Portrait of Mrs Mary Graham or The Honourable Mrs Graham is a 1777 oil on canvas painting by the British artist Thomas Gainsborough, produced shortly after Mary's marriage to Thomas Graham, the future Lord Lynedoch on 26 December 1774. It was one of the first works to enter the collection of the Scottish National Gallery in Edinburgh after its bequest in 1859 by the heirs of Thomas Graham.

Description
One of Gainsborough's finest portraits, it has become an icon of the Scottish National Gallery.

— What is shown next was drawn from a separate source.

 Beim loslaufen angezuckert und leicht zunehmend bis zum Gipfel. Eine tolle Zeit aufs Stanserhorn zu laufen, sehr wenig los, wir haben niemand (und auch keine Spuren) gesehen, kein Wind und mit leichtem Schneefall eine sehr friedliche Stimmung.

It is one of three works the artist completed of Mary Graham. A more conventional half length portrait, The Hon. Mrs. Thomas Graham, also completed between 1775-77 is believed to be the painting that was initially commissioned. It is now part of the Widener collection in the National Gallery of Art in Washington, D.C.

History
The sitter was born Mary Cathcart on 1 March 1757. She was the daughter of Charles Cathcart, 9th Lord Cathcart, who had recently served as the British ambassador at the court of Catherine the Great.

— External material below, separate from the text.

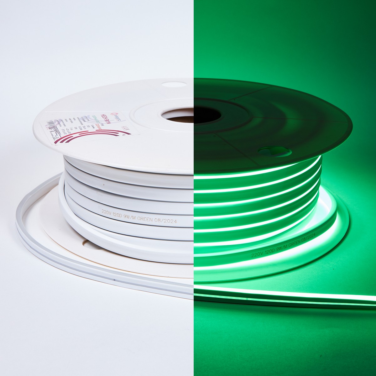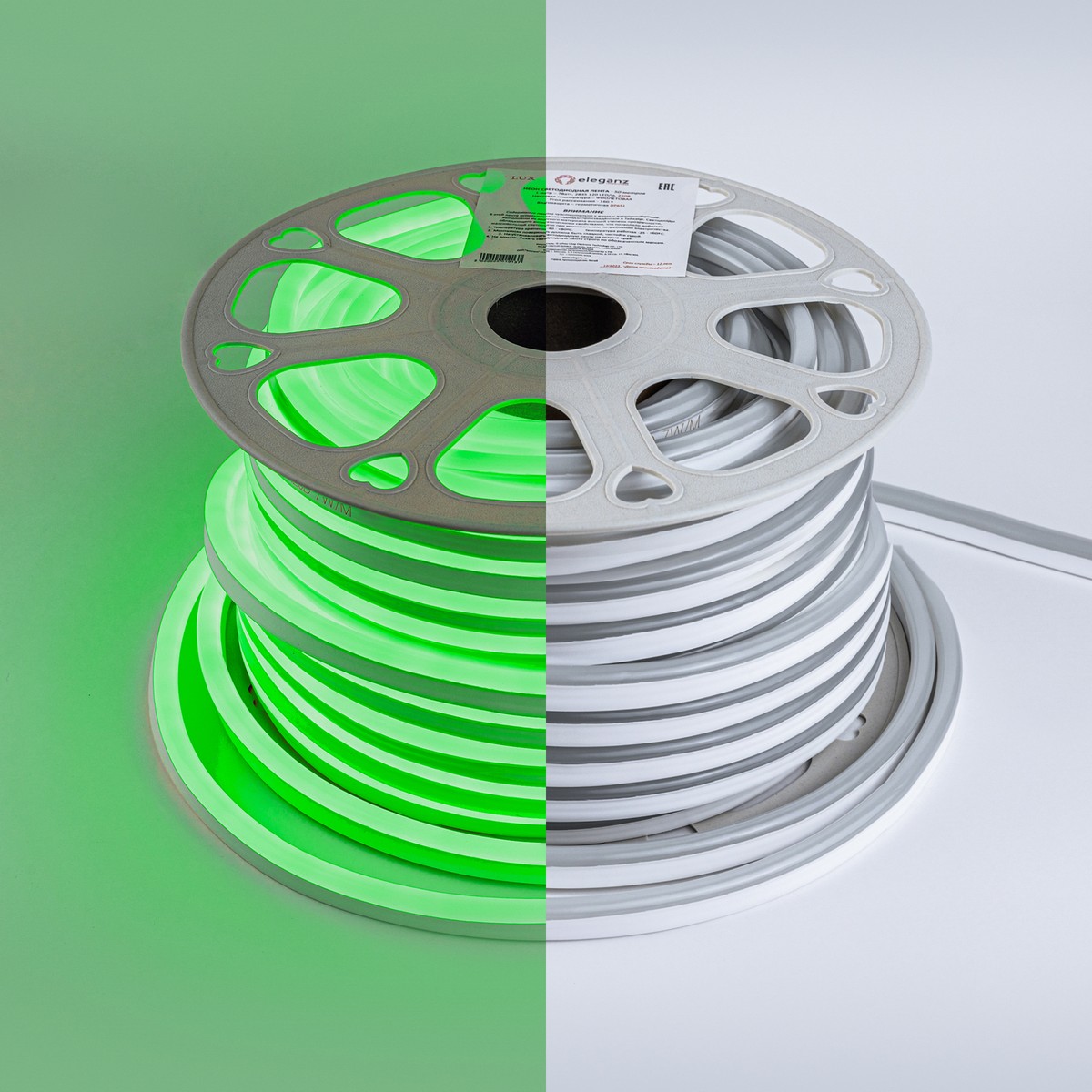 Гибкий неон ELEGANZ 220В 7 Вт/м ЗЕЛЁНЫЙ (EL-NS-7G) предназначен для создания яркой и эффектной подсветки интерьеров и экстерьеров. Степень защиты IP65 позволяет использовать ленту в условиях повышенной влажности, что делает её идеальной для ванных комнат, кухонь и уличных вывесок. Простота монтажа на клеевой основе и электромонтажа через пайку или коннекторы обеспечивает легкость в установке. Доступен к продаже кратно 50 м.

At aged 16 Mary married Thomas Graham in a double wedding with her older sister Jane, who married John Murray, 4th Duke of Atholl.

It was Mary's looks that caused a stir when Gainsborough exhibited her full length portrait at the Royal Academy in London in 1777. It secured her reputation as an icon of contemporary beauty and helped her to quickly become a prominent figure in the fashionable society of Georgian London. She attracted many admirers from Robert Burns to Georgiana, Duchess of Devonshire who recalled ‘her goodness, her sense, her sweetness’.

Sadly, Mary soon fell ill with Tuberculosis. Throughout her illness, she was nursed attentively by her husband. They first moved to Brighton, and then as her health deteriorated further, via revolutionary Paris, to the Mediterranean, in search of warmer climates. They reached the sea, but she died on 26 June 1792, near Hyères, aged just 35.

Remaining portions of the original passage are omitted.